White vinegar is more commonly described by its smell rather than its flavor. This is because of the prominent acidic smell.
Since there is no distinct flavor, many people consider it a sour taste. Although the taste of white vinegar on its own is not ideal, it can be a great way to balance certain dishes by cutting sweetness and adding acidity.
What Is White Vinegar Used For?
The strong smell and acidic taste of white vinegar may make you wonder what it is used for in the kitchen. While its stringent smell may not be appealing in large quantities it can be helpful in small amounts for adding a bit of acidity to certain dishes.
It is mostly used in adding an acidic flavor profile to dressings and sauces. However, the more you explore using vinegar in your cooking the more you will find that white vinegar is the least used.
This is simply because there are so many other types of vinegar that are less stringent. Moreover, other kinds of vinegar often have a bit more complex flavor that is better suited to elevating the flavors in dishes.
Although white vinegar is not the favored choice for cooking it is the best when it comes to cleaning! White vinegar is excellent at removing stains in the kitchen (like stained cups or pots), cleaning fruits and vegetables, and even cleaning clothes. These are just a few of dozens of ways white vinegar can be used beyond cooking.
What Is White Wine Vinegar?
In contrast to distilled vinegar, which is more often favored for cleaning, white wine vinegar is favored for cooking. This is just one of the ways in which white wine vinegar is different from white vinegar. This difference begins with how this type of vinegar is made.
White wine vinegar is made from white wine, rather than grain alcohol like white vinegar. Using wine instead of grain alcohol creates a much different vinegar. Especially when it comes to flavor.
What Does White Wine Vinegar Taste Like?
Since white wine vinegar begins as wine, it maintains some of the natural sugars and sweetness of the wine. This results in a nice tangy and bright flavor.
Most brands of white wine vinegar are made from pinot grigio. However, other white wines can be used. Even champagne can be used to make vinegar!

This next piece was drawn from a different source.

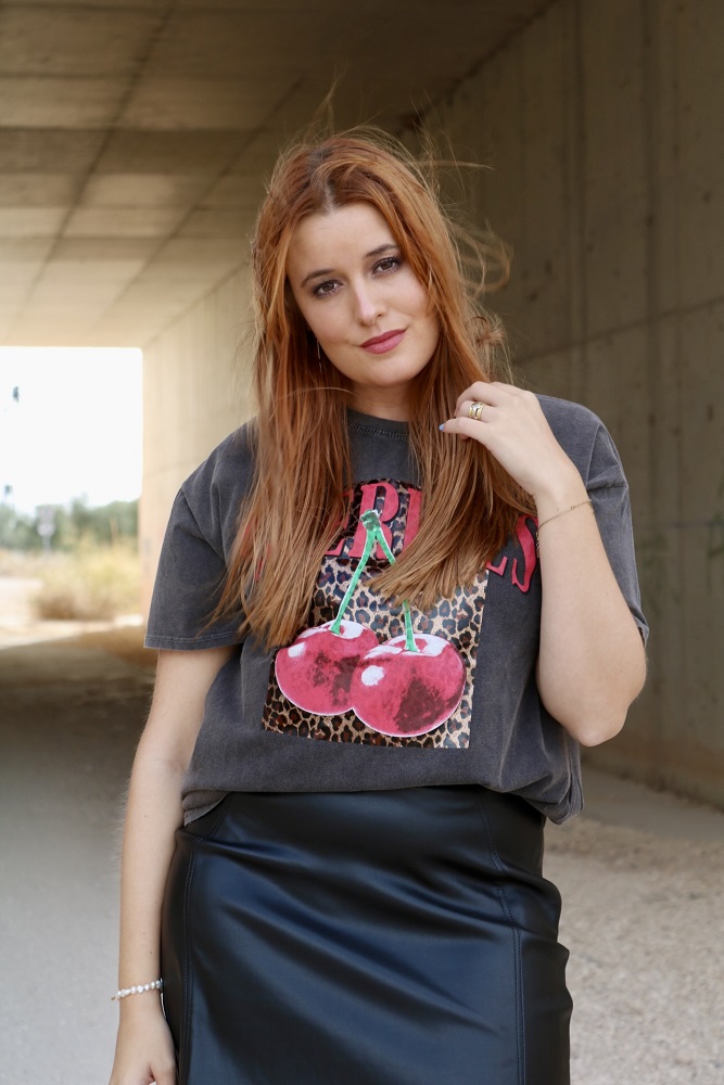 Camiseta con rollazo que te dará mucho juego con blazer/chupa de cuero y falda midi, mini o como te dé la gana, un sinfín de aventuras e historias que contar. Ideal para tus looks más festivaleros.

However, champagne vinegar is often distinguished as its own type of vinegar. Keep this in mind if you ever need a substitute for white wine vinegar though, since champagne vinegar is a great choice!
White wine vinegar has a much more balanced flavor than distilled vinegar. Its beautiful blend of acidity and sweetness makes it a great choice for elevating the flavor of many dishes.

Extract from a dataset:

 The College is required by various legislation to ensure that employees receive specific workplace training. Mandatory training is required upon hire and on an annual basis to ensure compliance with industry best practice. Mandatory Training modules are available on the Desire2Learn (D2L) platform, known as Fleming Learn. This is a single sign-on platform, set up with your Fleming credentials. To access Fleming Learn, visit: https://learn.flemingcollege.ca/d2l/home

What Is White Wine Vinegar Used For?
The balanced flavor profile of white wine vinegar is used in several ways in the kitchen. It is a great choice for making salad dressings and marinades.
Just like white wine pairs best with certain foods for the best flavor match, white wine vinegar also pairs best with certain foods. It is best to use white wine vinegar to enrich the flavors in chicken and fish dishes. However, it can be used in many dishes beyond these.
In addition to the uses above, white wine vinegar can also be used in pickling. You may even consider swapping out distilled vinegar with white wine vinegar in your classic pickling recipes for a softer and slightly sweeter final flavor.
Can You Use These Two As Substitutes?
One of the biggest reasons home cooks want to understand the difference between white vinegar and white wine vinegar is to see if the two can be used as substitutes for one another. As I mentioned above, white wine vinegar is a nice alternative to white vinegar in traditional pickling recipes.
Swapping in white wine vinegar will still offer the acidity needed for pickling, but it will soften the overall flavor and add a bit of sweetness. This more balanced flavor can also be created in other dishes by subbing white wine vinegar for white vinegar.
While white wine vinegar can be used as an alternative to white vinegar in almost any recipe, it is not as easy to substitute white vinegar for white wine vinegar. The stringent smell and flavor of white vinegar can quickly change the taste of your recipe. Therefore, it is better to use a different vinegar in place of white wine vinegar.
Champagne, sherry, and rice vinegar are the best substitutes for white wine vinegar. However, that is just the beginning! Check out my other post for a complete list of white wine vinegar substitutes.
If you do need to use white vinegar in place of white wine vinegar, make sure to start with a small amount. You may even want to add some sugar to cut the acidity. However, on the other hand, you can use a 1:1 ratio of white wine vinegar for white vinegar.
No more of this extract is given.